> _SUPPLIED INFORMATION_:

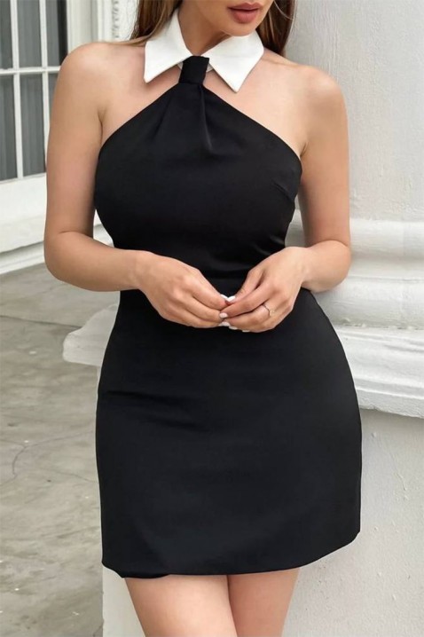 - Моделът е без ръкави, с класическа яка в контрастен цвят и актуална дължина над коляното.
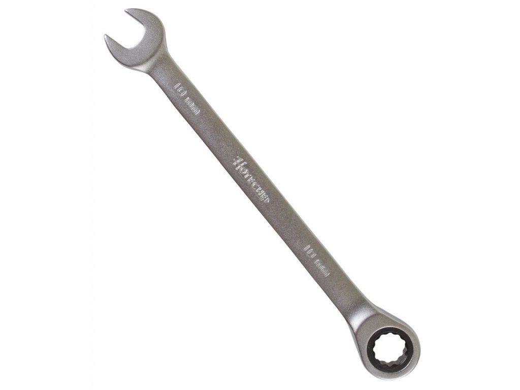Ráčnový očkoplochý klíč od značky Hoteche o rozměru 10 mm je na jedné straně klasický stranový klíč, na straně druhé očkový klíč s dvanáctihranným profilem vybaveným ráčnou s jemným dělením 72 zubů. Povrch klíče je pochromovaný.
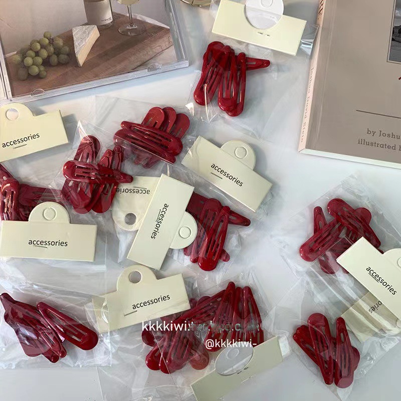 秋の少女 ~ レトロ赤bbクリップ! クリスマス新年雰囲気感超白サイドminiキャンディー色ヘアクリップ

> _PROBLEM REQUIREMENTS_: Print every line above exactly as given, but not the pictures.

> _RESULT OF THE EXERCISE_:
 - Моделът е без ръкави, с класическа яка в контрастен цвят и актуална дължина над коляното.
Ráčnový očkoplochý klíč od značky Hoteche o rozměru 10 mm je na jedné straně klasický stranový klíč, na straně druhé očkový klíč s dvanáctihranným profilem vybaveným ráčnou s jemným dělením 72 zubů. Povrch klíče je pochromovaný.
 秋の少女 ~ レトロ赤bbクリップ! クリスマス新年雰囲気感超白サイドminiキャンディー色ヘアクリップ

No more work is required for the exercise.